Grassley not optimistic flying object briefing will yield information

WASHINGTON — Iowa Senator Chuck Grassley says he’ll be attending a briefing today as military and intelligence officials update members of Congress about the recent rash of unidentified flying objects being shot down by American warplanes.

Grassley says he isn’t optimistic about the update, the second involving UFOs in two weeks.  Grassley says, “Sometimes I walk away from a lot of briefings and think, ‘Well, I didn’t learn anything more than I read in The Washington Post or heard on television.’”

Government officials say a Chinese spy balloon was shot down off the South Carolina coast ten days ago, after it overflew much of the U.S. Three more objects have been shot down in the past four days, two near Alaska and a third over Lake Huron. Grassley says we’re all in the dark and deserve answers.

“There’s too much classified as secret, and in the end, the public ought to know more than they know right now,” Grassley says. “The briefing is part of congressional oversight to see whether or not the administration is doing what the Constitution requires them to do, to have a top priority on national security.”

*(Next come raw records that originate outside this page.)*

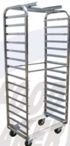
Baxter Single Oven Rack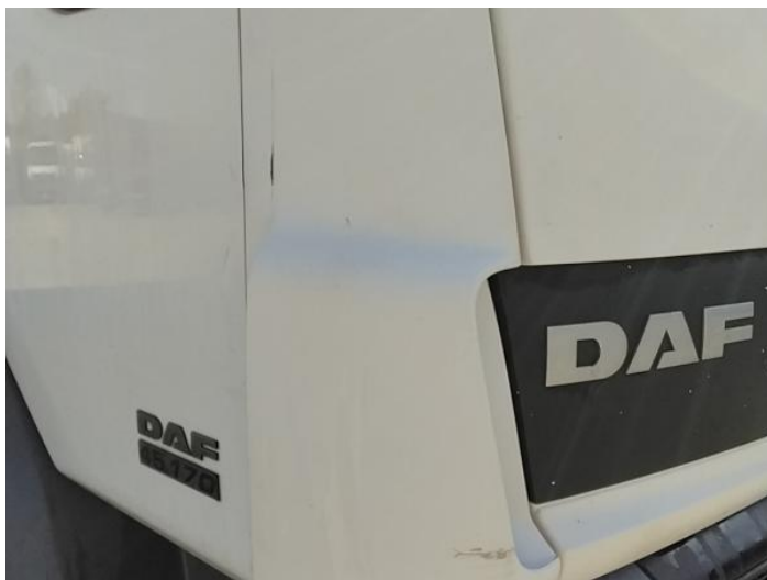
1: Wing osf Scratched UpTo 25mm Thru Paint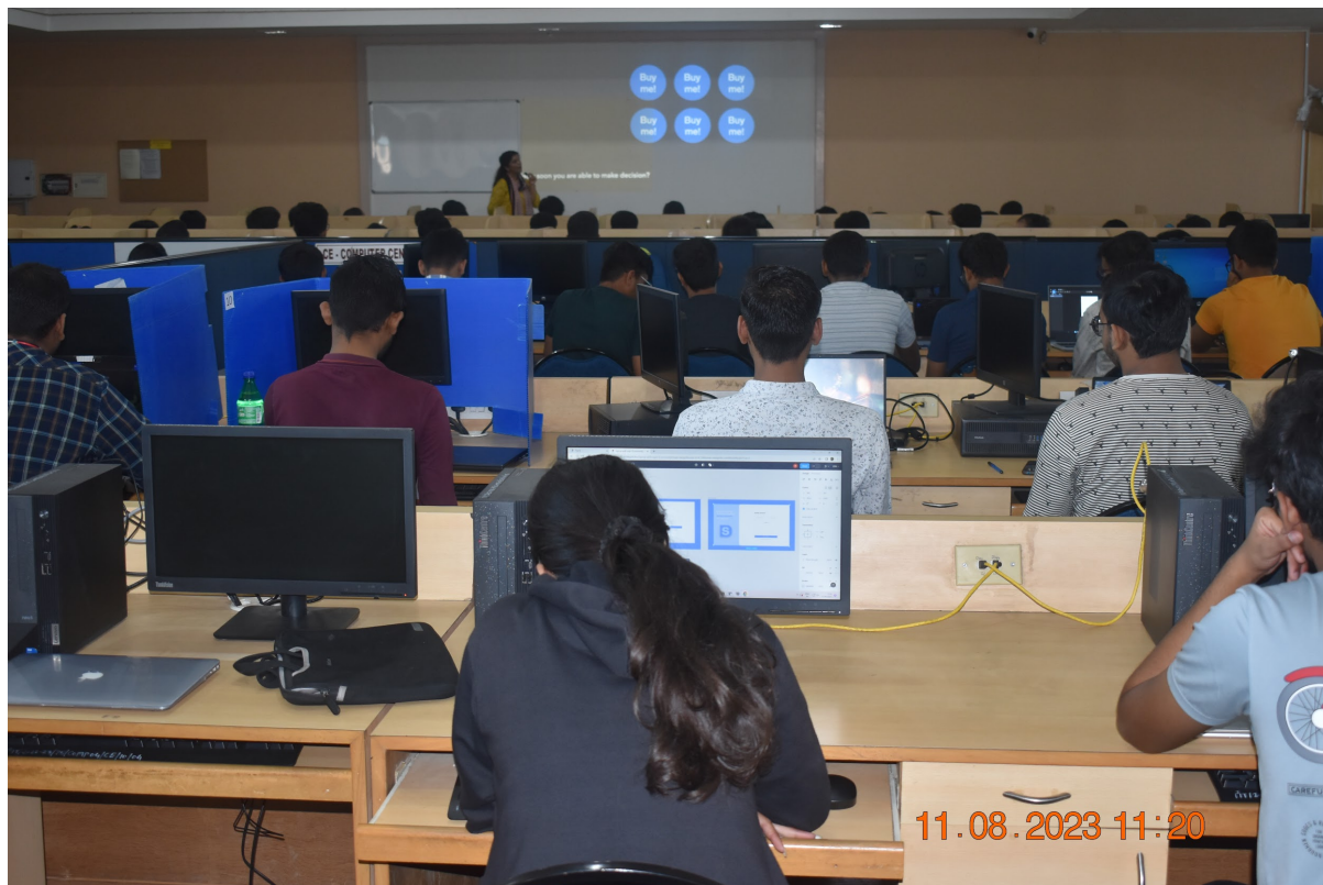
Students listening and practicing the exercises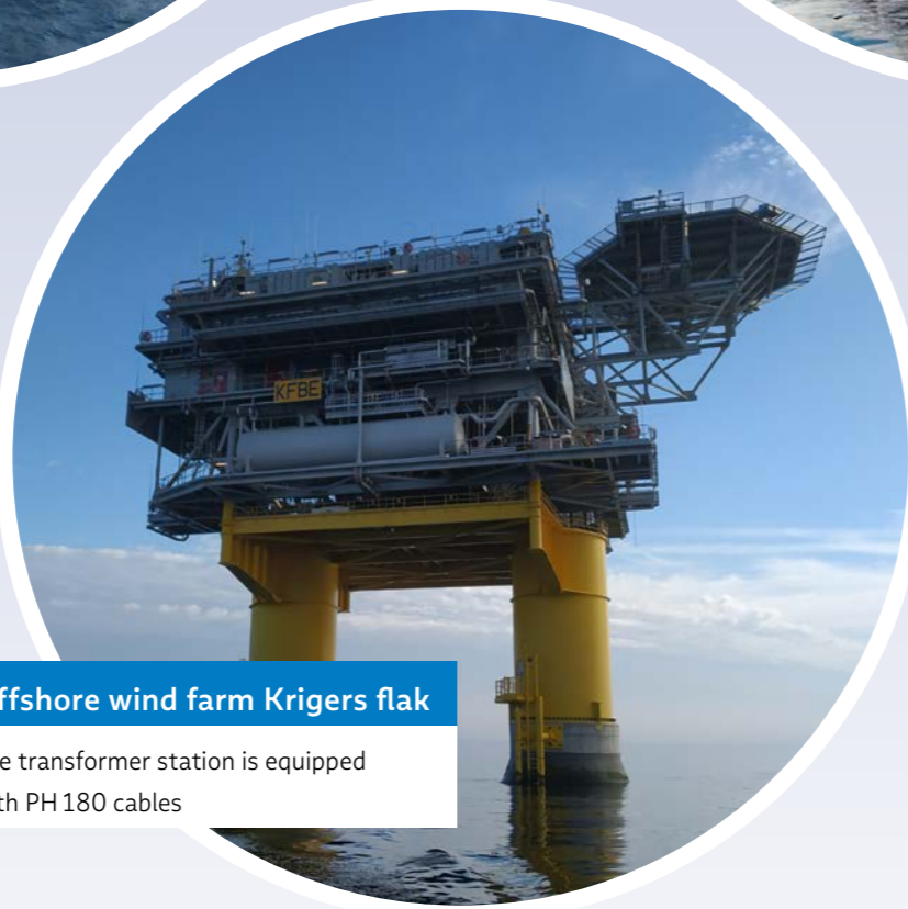
Offshore wind farm Krigers flak The transformer station is equipped with PH 180 cables

Officials are saying very little about the three latest UFOs and it’s unclear if they’re also intelligence-gathering platforms like the first Chinese balloon. Grassley questions how many other devices have been overhead that we’ve missed — or that we weren’t told about. Grassley says, “I think the most important thing is to assess what holes there are in our surveillance system that we don’t know about all these intrusions on our sovereignty and threats to our national security.”

Chinese officials have issued statements saying the first object was a weather balloon that veered off course, but U.S. officials say they’ve recovered most of the craft’s antenna array which they say was certainly used for surveillance.